Your assignment:
Please repeat the records exactly. The pictures are to be left out.

Start of Block

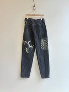 These hand painted black jeans by Touch Threads feature mixed quilt and folk art motifs. An off white hex circle over the top hip and patterned checkered motifs over the knees give these pants serious style. Perfect for anyone who wants a simple but powerful statement, to any outfit, for any outing.
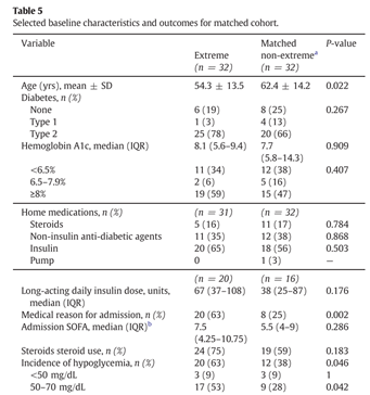 Extreme 군이 32명, non-extreme 군이 96명이었으며, 목표 혈당은 100 - 150 mg/dL였다. Extreme 군에서 기저 질환으로 type 2 당뇨병이 있는 경우가 더 많았고, hemoglobin A1c 중윗값이 더 높았으며, 입원 전 insulin 치료 중이었던 경우, 내과적 원인으로 입원한 경우, 입원 중 스테로이드 치료를 받은 경우가 더 많았다. Extreme 군에서 저혈당 발생이 더 많았고(<70 mg/dL, 63% v. 34%, p = 0.005), 혈당 조절이 되는데 걸리는 시간이 더 길었으며(19.8 h v. 5.7 h, p < 0.001), 사망률 또한 더 높았다(34% v. 15%, p = 0.014).
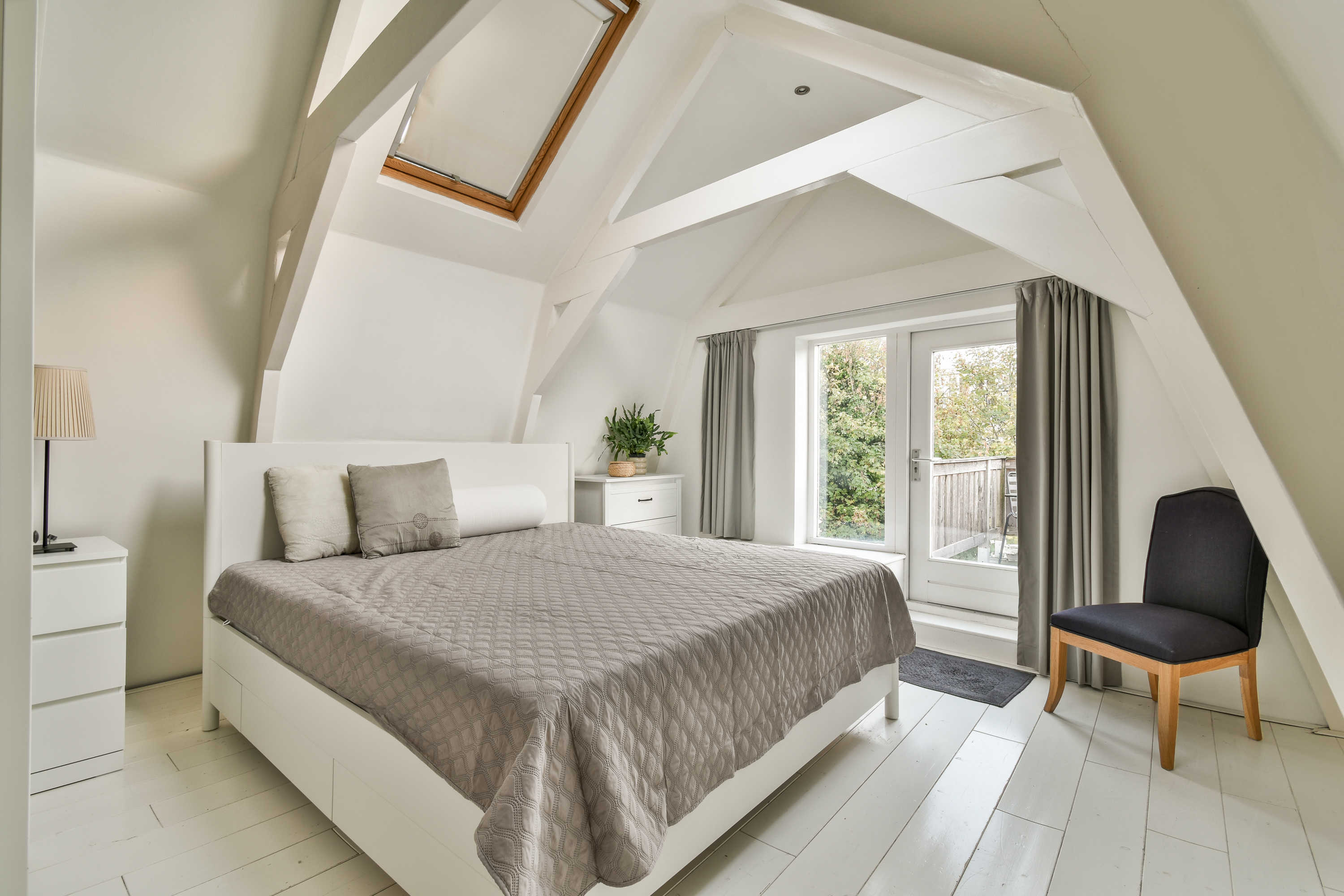 The second floor stands autonomous, accessed by a private entrance, with living and dining spaces arranged to maximise light. A separate kitchen and dedicated study or home office complete the level. The third floor, marked by its distinctive roof structure, dormer windows, and skylights, accommodates two sizable bedrooms and a bathroom, with the principal bedroom granting access to a south-facing balcony of approximately 5 m².
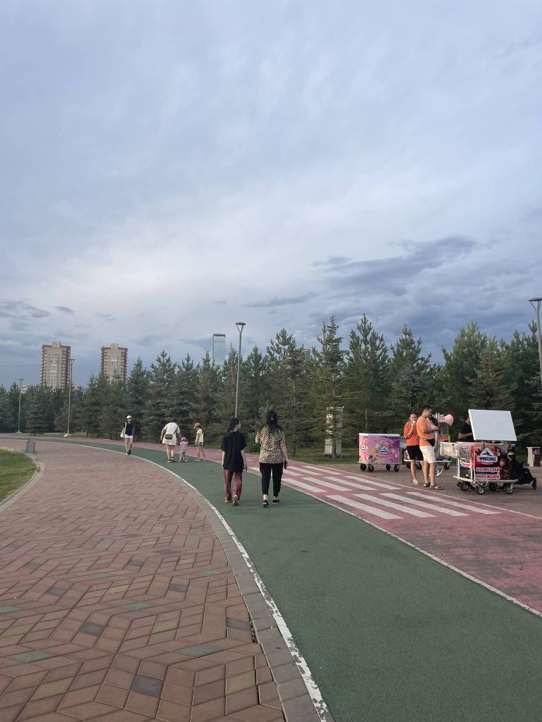 Dariya shows me around the most western-style apartment I have seen in almost a year. I first inspect the large bathroom with amazing water pressure and excitedly take notice of the full oven in the kitchen, where my host prepares our late-night snack: a traditional dish of bell pepper stuffed with minced meat and onions with a salad as a side. We chat until 2am, luckily my Japanese company’s office is closed the next day due to a public holiday. I sleep well on the comfy blue sofa and enjoy a leisurely day off doing nothing before Dariya returns from work in the late afternoon. Since the weather finally clears up at the same time, we head out for a walk to the nearby Expo site from 2017.
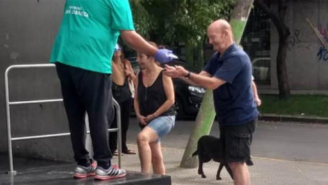 Además, se asisten a los adultos mayores que acuden al Banco Piano para cobrar sus jubilaciones, indicándoles la distancia a la que deben permanecer entre sí, y entregándoles alcohol en gel.
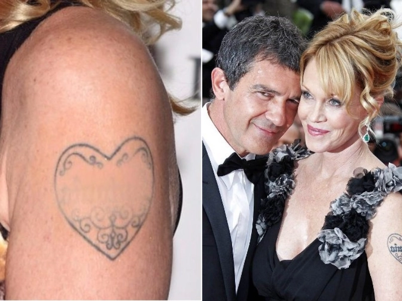 Melanie Griffith trug während ihrer Ehe mit Antonio Banderas den Namen ihres Partners mit Herz am Arm. Nach der Trennung ließ sie das Motiv entfernen, als sichtbare Entscheidung für einen Neustart.
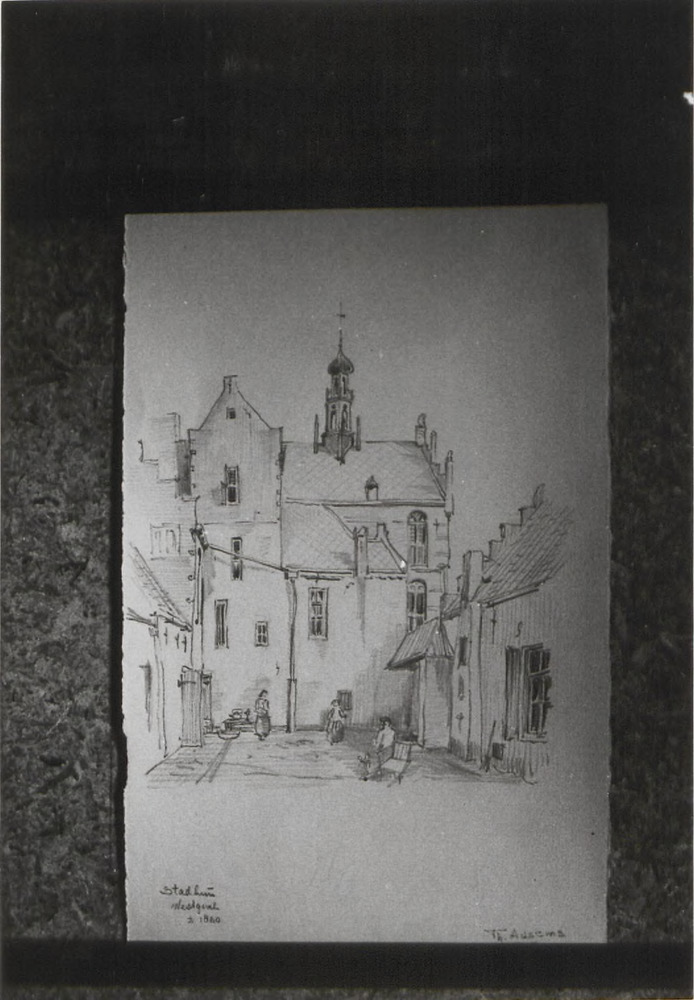 Stadhuis Westgevel in 1860. Getekend door Th. A. Aus...

End of Block

Response box:
 These hand painted black jeans by Touch Threads feature mixed quilt and folk art motifs. An off white hex circle over the top hip and patterned checkered motifs over the knees give these pants serious style. Perfect for anyone who wants a simple but powerful statement, to any outfit, for any outing.
 Extreme 군이 32명, non-extreme 군이 96명이었으며, 목표 혈당은 100 - 150 mg/dL였다. Extreme 군에서 기저 질환으로 type 2 당뇨병이 있는 경우가 더 많았고, hemoglobin A1c 중윗값이 더 높았으며, 입원 전 insulin 치료 중이었던 경우, 내과적 원인으로 입원한 경우, 입원 중 스테로이드 치료를 받은 경우가 더 많았다. Extreme 군에서 저혈당 발생이 더 많았고(<70 mg/dL, 63% v. 34%, p = 0.005), 혈당 조절이 되는데 걸리는 시간이 더 길었으며(19.8 h v. 5.7 h, p < 0.001), 사망률 또한 더 높았다(34% v. 15%, p = 0.014).
 The second floor stands autonomous, accessed by a private entrance, with living and dining spaces arranged to maximise light. A separate kitchen and dedicated study or home office complete the level. The third floor, marked by its distinctive roof structure, dormer windows, and skylights, accommodates two sizable bedrooms and a bathroom, with the principal bedroom granting access to a south-facing balcony of approximately 5 m².
 Dariya shows me around the most western-style apartment I have seen in almost a year. I first inspect the large bathroom with amazing water pressure and excitedly take notice of the full oven in the kitchen, where my host prepares our late-night snack: a traditional dish of bell pepper stuffed with minced meat and onions with a salad as a side. We chat until 2am, luckily my Japanese company’s office is closed the next day due to a public holiday. I sleep well on the comfy blue sofa and enjoy a leisurely day off doing nothing before Dariya returns from work in the late afternoon. Since the weather finally clears up at the same time, we head out for a walk to the nearby Expo site from 2017.
 Además, se asisten a los adultos mayores que acuden al Banco Piano para cobrar sus jubilaciones, indicándoles la distancia a la que deben permanecer entre sí, y entregándoles alcohol en gel.
 Melanie Griffith trug während ihrer Ehe mit Antonio Banderas den Namen ihres Partners mit Herz am Arm. Nach der Trennung ließ sie das Motiv entfernen, als sichtbare Entscheidung für einen Neustart.
 Stadhuis Westgevel in 1860. Getekend door Th. A. Aus...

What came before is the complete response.